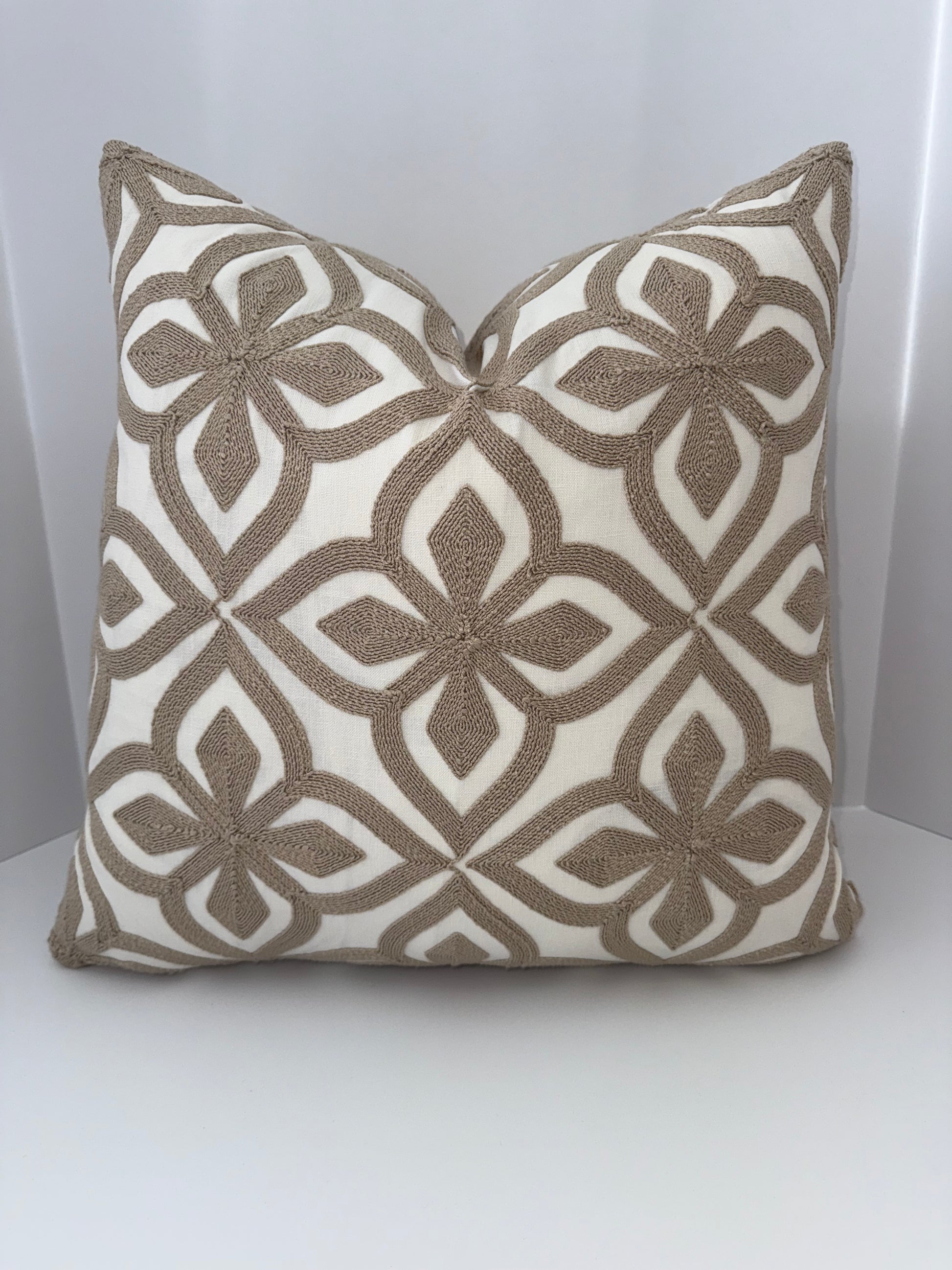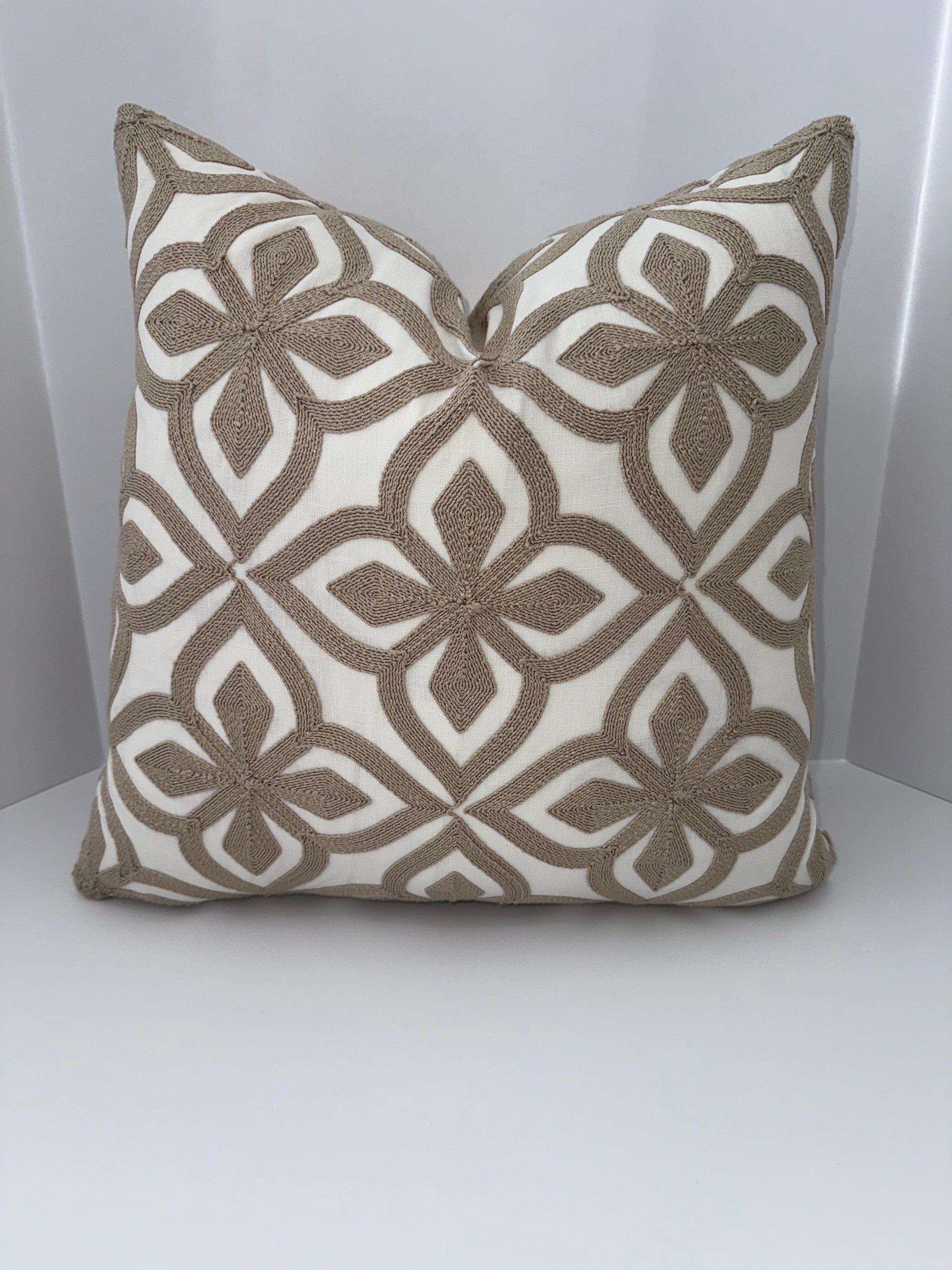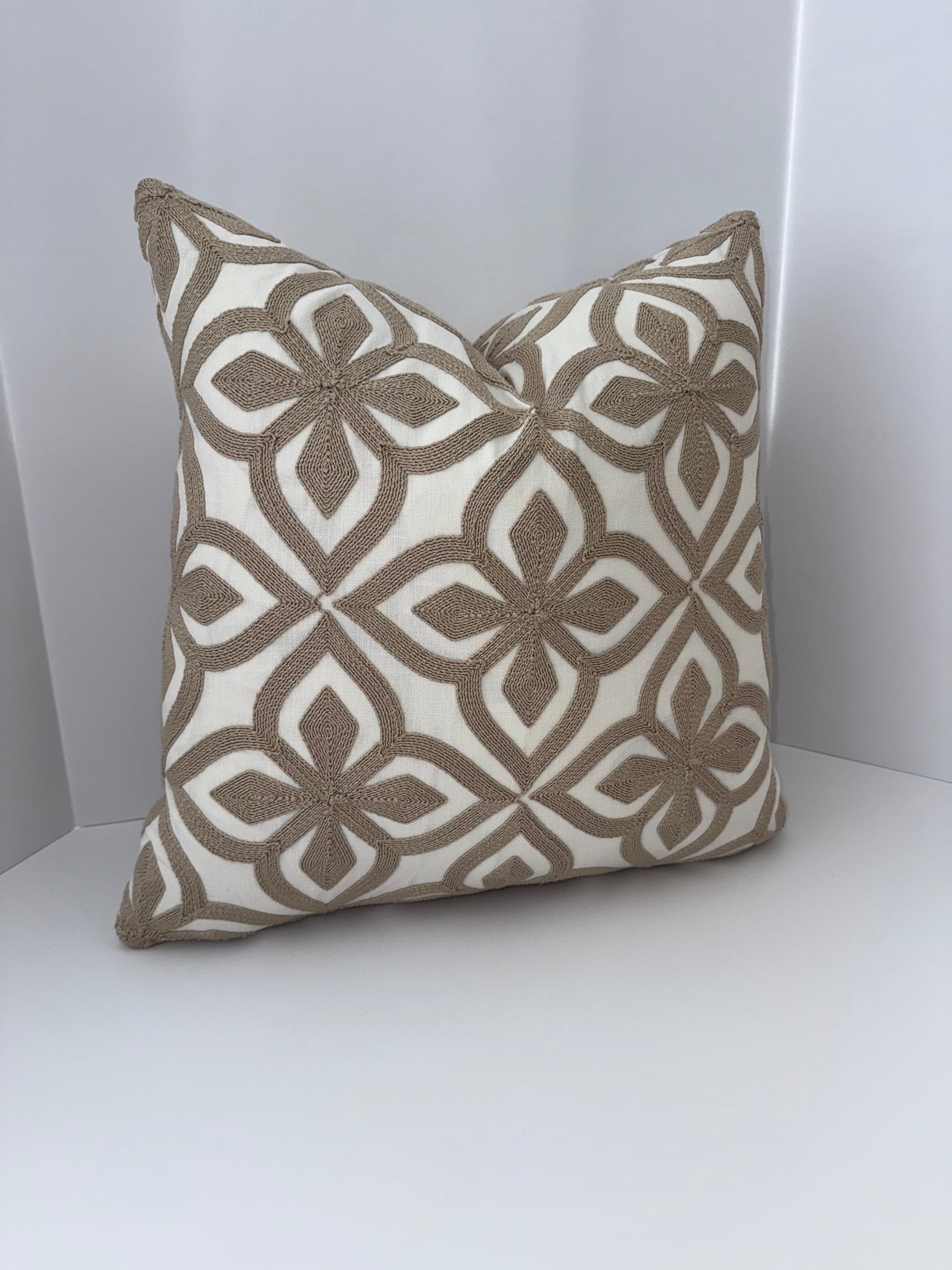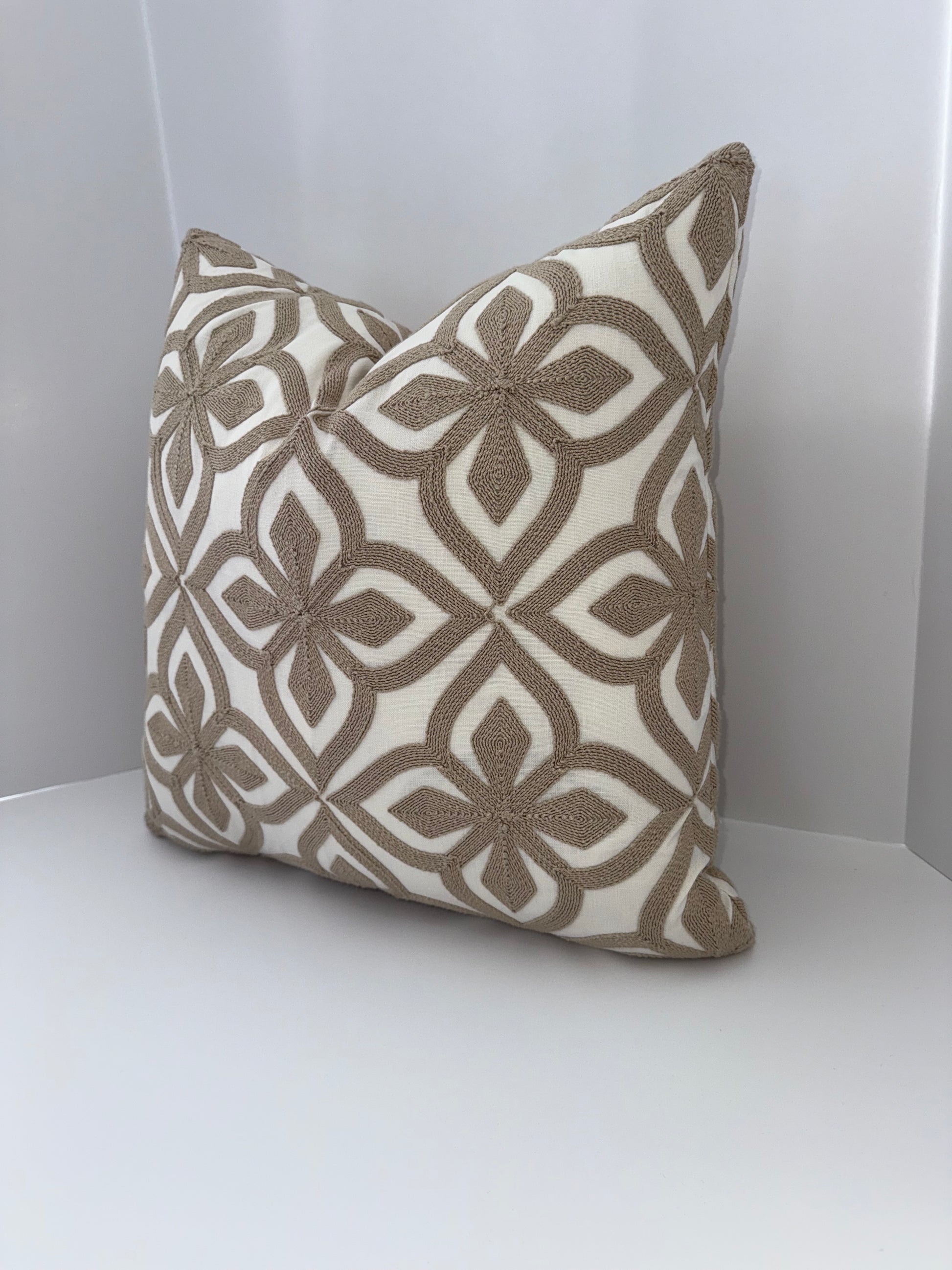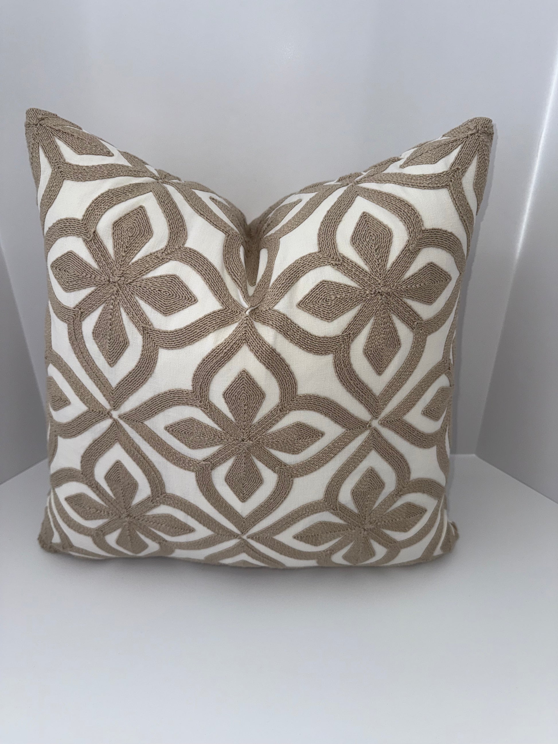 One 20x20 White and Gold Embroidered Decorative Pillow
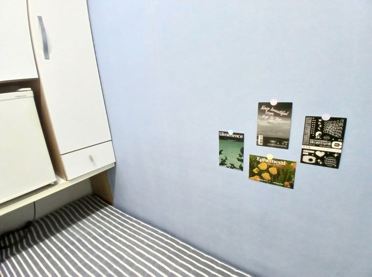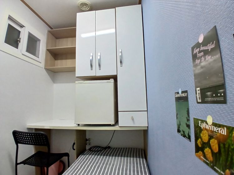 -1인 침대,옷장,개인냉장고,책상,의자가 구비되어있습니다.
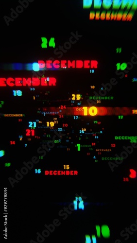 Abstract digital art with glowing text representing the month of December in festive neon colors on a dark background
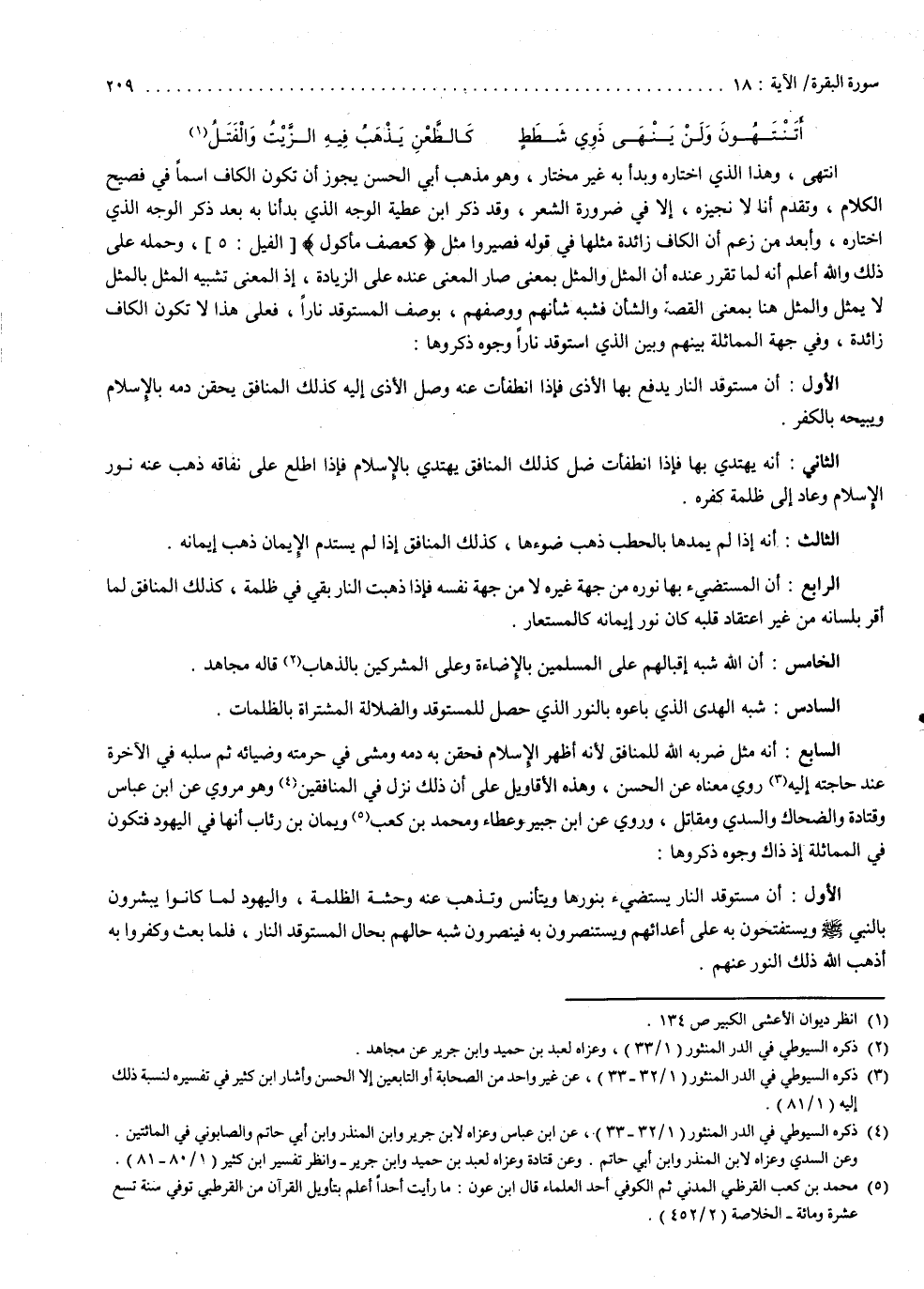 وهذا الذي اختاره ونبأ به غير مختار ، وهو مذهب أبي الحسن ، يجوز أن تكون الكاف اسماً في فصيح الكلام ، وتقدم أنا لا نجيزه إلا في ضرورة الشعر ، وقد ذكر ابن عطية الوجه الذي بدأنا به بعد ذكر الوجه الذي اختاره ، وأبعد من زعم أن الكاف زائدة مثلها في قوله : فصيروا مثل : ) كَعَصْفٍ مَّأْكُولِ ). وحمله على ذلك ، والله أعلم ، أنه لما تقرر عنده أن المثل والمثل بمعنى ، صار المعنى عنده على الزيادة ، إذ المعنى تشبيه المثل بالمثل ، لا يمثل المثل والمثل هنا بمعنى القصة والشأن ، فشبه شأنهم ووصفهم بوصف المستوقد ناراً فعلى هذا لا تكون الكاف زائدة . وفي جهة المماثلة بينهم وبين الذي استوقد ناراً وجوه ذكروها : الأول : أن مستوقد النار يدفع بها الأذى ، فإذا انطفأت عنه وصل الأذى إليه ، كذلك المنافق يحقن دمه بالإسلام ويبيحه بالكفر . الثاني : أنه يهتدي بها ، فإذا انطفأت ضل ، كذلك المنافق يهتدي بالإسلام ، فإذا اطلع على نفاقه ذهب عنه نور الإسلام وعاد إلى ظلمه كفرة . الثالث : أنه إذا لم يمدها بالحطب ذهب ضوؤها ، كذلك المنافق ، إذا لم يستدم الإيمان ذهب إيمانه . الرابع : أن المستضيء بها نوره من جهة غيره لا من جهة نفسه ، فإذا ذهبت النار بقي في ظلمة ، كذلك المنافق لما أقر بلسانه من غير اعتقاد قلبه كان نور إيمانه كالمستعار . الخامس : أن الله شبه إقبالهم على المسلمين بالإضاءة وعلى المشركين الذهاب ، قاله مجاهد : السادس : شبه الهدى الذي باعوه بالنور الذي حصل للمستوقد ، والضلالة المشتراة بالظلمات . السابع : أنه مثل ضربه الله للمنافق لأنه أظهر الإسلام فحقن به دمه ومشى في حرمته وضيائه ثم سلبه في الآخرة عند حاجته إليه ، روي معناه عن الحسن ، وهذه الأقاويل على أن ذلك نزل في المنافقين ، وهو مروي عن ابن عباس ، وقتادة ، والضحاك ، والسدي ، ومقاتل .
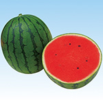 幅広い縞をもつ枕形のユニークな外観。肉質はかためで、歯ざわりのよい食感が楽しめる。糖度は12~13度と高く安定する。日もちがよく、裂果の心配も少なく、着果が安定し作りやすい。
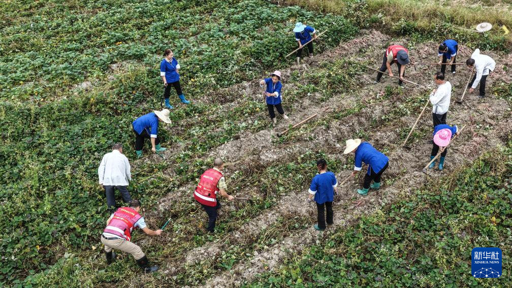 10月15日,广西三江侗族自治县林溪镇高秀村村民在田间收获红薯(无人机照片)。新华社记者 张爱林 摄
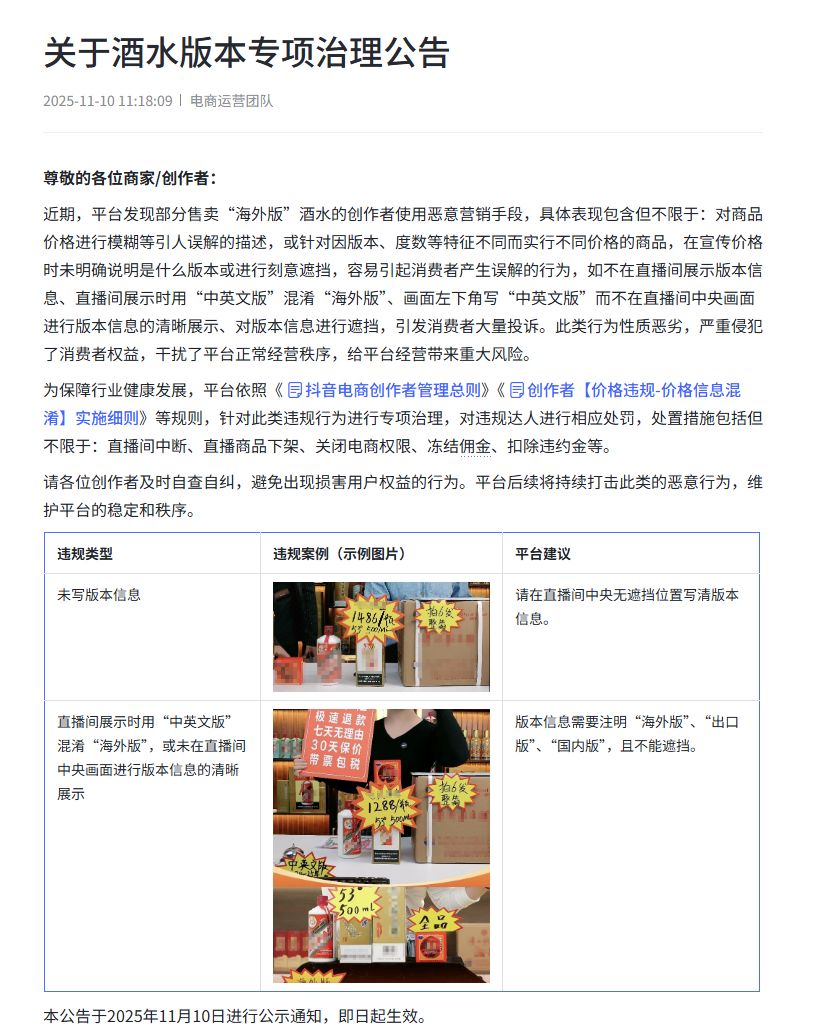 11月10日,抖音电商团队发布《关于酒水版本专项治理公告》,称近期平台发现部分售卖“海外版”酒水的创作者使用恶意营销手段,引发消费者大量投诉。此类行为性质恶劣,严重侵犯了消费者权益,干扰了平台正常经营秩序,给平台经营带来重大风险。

■ **REQUIREMENT**: Extract the part of the records that opens with the line containing "-1인 침대,옷장,개인냉장고,책상,의자가 구비되어있습니다." and closes with the line containing "Abstract digital art". Take only those lines, exactly, and no pictures.

■ **RESULT OF THE EXERCISE**:
 -1인 침대,옷장,개인냉장고,책상,의자가 구비되어있습니다.
 Abstract digital art with glowing text representing the month of December in festive neon colors on a dark background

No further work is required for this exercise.